Question: When you see your chin, is it usually around the same time of day?

I ask because my girls are very time oriented. Some times they can be friendly, but if you come near them when their trying to sleep or go to sleep, or the first hour or two after starting to wake up, they are highly highly irritable.

Not giving play time was a hard thing to get used to. One i was forced to do for now, since they have eaten a whole through the wall, and chewed up some floor tile. They do get used to it tho.
 
Thanks guys, makes me feel a little better, but it still breaks my heart. Because, I know he must be thinking, "what the heck happened, I used to own an entire apartment, and now I'm stuck in a cage"!

He has cuddle buddies, and yes my mom goes down there and scritches him and holds him almost every day, but I know he has to miss running around and "popcorning" off the walls.

I know his life could be better, but I didnt know there were other people out there who didnt let their chins out either. His cage is large, so he has room, and hamocks and play things.

And, when I even mentioned this to my bf's parents, the look could've killed me.
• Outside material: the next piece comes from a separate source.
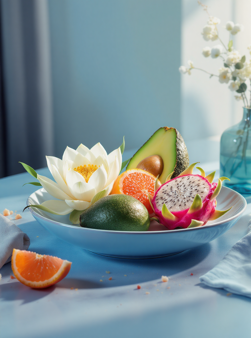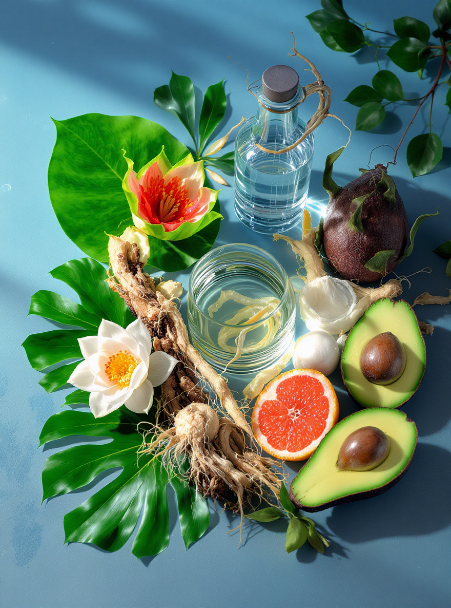 グアバの葉、サトウキビの水、ノニの根、ハスの花、高麗人参、グレープフルーツの皮、ドラゴンフルーツ(果実)、アボカド(果実)

I'm just hoping and praying he gets a job soon, so we can be back together again.
 
If you are really concerned about him not being allowed out to play, maybe you could provide him with a good quality wheel to run in? I don't let my chins out that often and they seem happy as can be!
 
Yes, definitely get him a wheel for sure, you need to consider his exercise needs, but he should be okay on his own in the cage. You can also get a small TV for him to watch every now and then? They LOVE tv! Whenever I leave for more than ten hours I like to leave the tv on, or some music. Something fun like that :)
 
Honestly, I think being in the cage is much safer for him. Although he got lots of exercise running around the apartment, there are way too many things to chew and ingest, leap off of or worse, that could leave him impacted, injured or dead.

I didn't let mine out for playtime as most breeders don't and all my chins were well adjusted and social. Get a wheel or a cuddle buddy for him. I would not bring another chin into an unstable housing situation and it's likely to make him less involved with you. He'll come around again, you just have to be patient and spend as much time as you can with him.